Go to: Early family history | Involvement with the Catholic Church | History from the 1950s | Dairying | Frank’s education | The history of the Bridge and naming of Boyle Road | Changes in the local area from the 1970s | Frank and Andrea meet | Moving out of dairying | Farmers’ markets | Rice | Raising awareness of food production | The future and the food movement | Farm forestry | Work ethic | The House

Raising awareness of food production

Frank: Definitely. Customers are always asking me, what stage is the rice up to? Where are the pecan’s at? You know. What, how do you grow? Different people all of the time and it is definitely making people more aware of where their food comes from and how it is produced. When we first started at the farmer’s markets it was, probably more, our customers were more people that were already educated. And it was a much smaller group then as well. The people that were sort of really interested in their food; and cared about how it was produced and where it came from. Whereas now that’s getting bigger. There are more people and the farmer’s markets are helping but there’s also a lot of other projects that in the media that have made people think about where their food comes from. So the farmer’s markets are helping but it’s not the only thing that’s making it known.

Like Sustain Northern Rivers, were you involved with them?
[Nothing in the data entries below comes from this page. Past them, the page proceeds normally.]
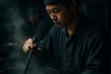 波紋が、男の手の動きに合わせて広がっていた。風はない。枝も動かない。なのに水面だけが、音の代わりに震えている。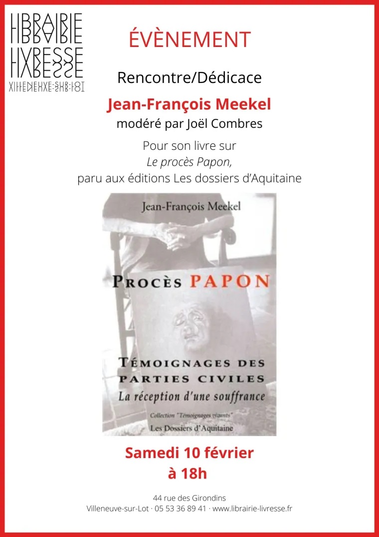 Samedi 10 février à 18h, Jean-Francois Meekel viendra nous parler de son livre « Procès Papon », paru aux éditions Les dossiers d’Aquitaine.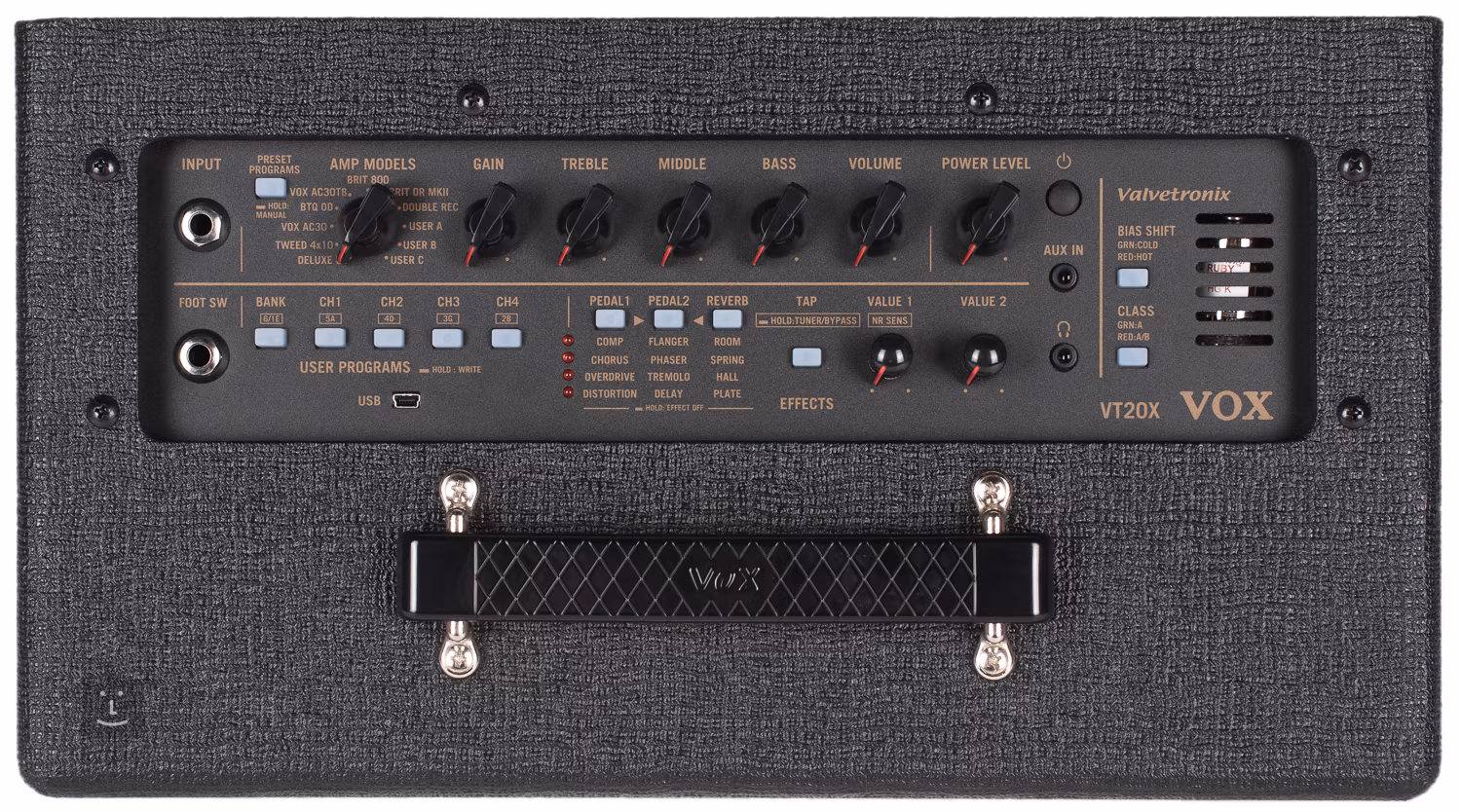 Hlavný panel je vybavený štandardnými ovládačmi (trojpásmový ekvalizér, hlasitosť, zosilnenie) a prepínačmi (možnosť prepínania medzi režimami Bias a Class A a Class AB). K dispozícii je tiež USB port pre jednoduchú integráciu s počítačom (PC/Mac), tabletom, telefónom (iOS/Android) a následnú úpravu v softvéri Vox Tone Room, ako aj ovládací prvok Tap Tempo, ktorý vám umožňuje prispôsobiť efekty tempu vašej hry.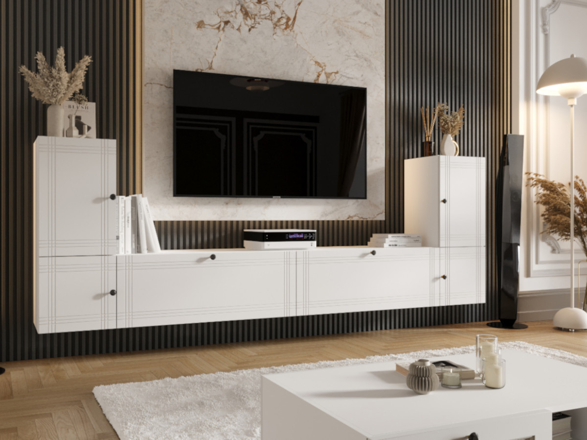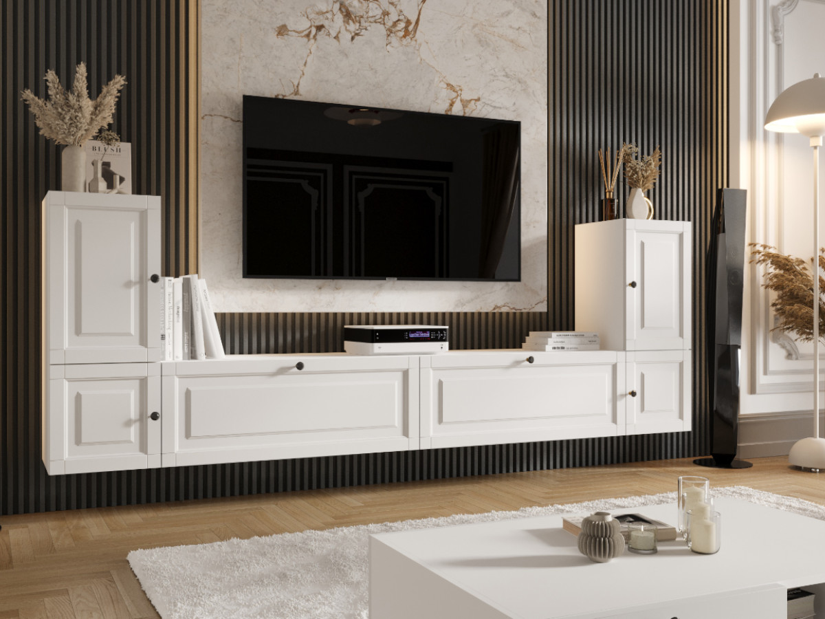 Meblościanka biała to stylowe i funkcjonalne rozwiązanie do nowoczesnych oraz klasycznych wnętrz. Wykonana z wysokiej jakości płyty MDF o grubości 18 mm, posiada frezowane fronty, które nadają jej eleganckiego i ponadczasowego charakteru. Meblościanka została wyposażona w praktyczne szafki, półki oraz zamykane schowki, co ułatwia organizację przestrzeni i przechowywanie różnych przedmiotów.

Frank: And the Northern Rivers Food Links; all that sort of stuff, and the other things that are happening and even bigger are the cooking shows. All that sort of stuff even though I’m not a big fan of them but its making people think more about their food. And actually cooking food, rather than just going out and buying it. Buying it pre-made. So I think the whole thing. And I feel that we’re right in the middle of that because we are actually producing food and being a little bit more appreciated of, of doing what we are doing; as farmers. Because you know I think that farmers in this country have been sort of derided, nearly, for what they do and not applauded for the fact that we are producing a fantastic product that keep people alive. And that’s changing. I remember going to New Zealand and I was with my brother when I was 18 years old and the farmers over there were, up there in society, held up, right up there as, with the professionals, the doctors and the lawyers because people over there, you know, appreciated what they were getting. They were getting good food whereas here, you come back here and you were just the scum of the earth, the farmers.

Did that make it a hard decision for you to decide to become a farmer? Were there other kids you’d gone to school with and other people who just thought you were mad doing that?

Frank: At the time I sort of probably didn’t think about it much I was probably, blind is probably too strong a word, but It’s just what I always wanted to do and I didn’t really think about the consequences, why I was doing it. And when I first started farming, when I left school and after I’d done ag college, I never envisaged being in the position I am in now; selling direct to our customers. So it evolved. And I suppose the thing is, maybe one thing I did learn from my family was that they were not that good at looking ahead and going with new, not that what I am doing is new technology but, you know changes in society, they sort of were quiet happy to just stick with tradition. And I think that’s one thing I did learn from them is look ahead, be prepared to give something a go.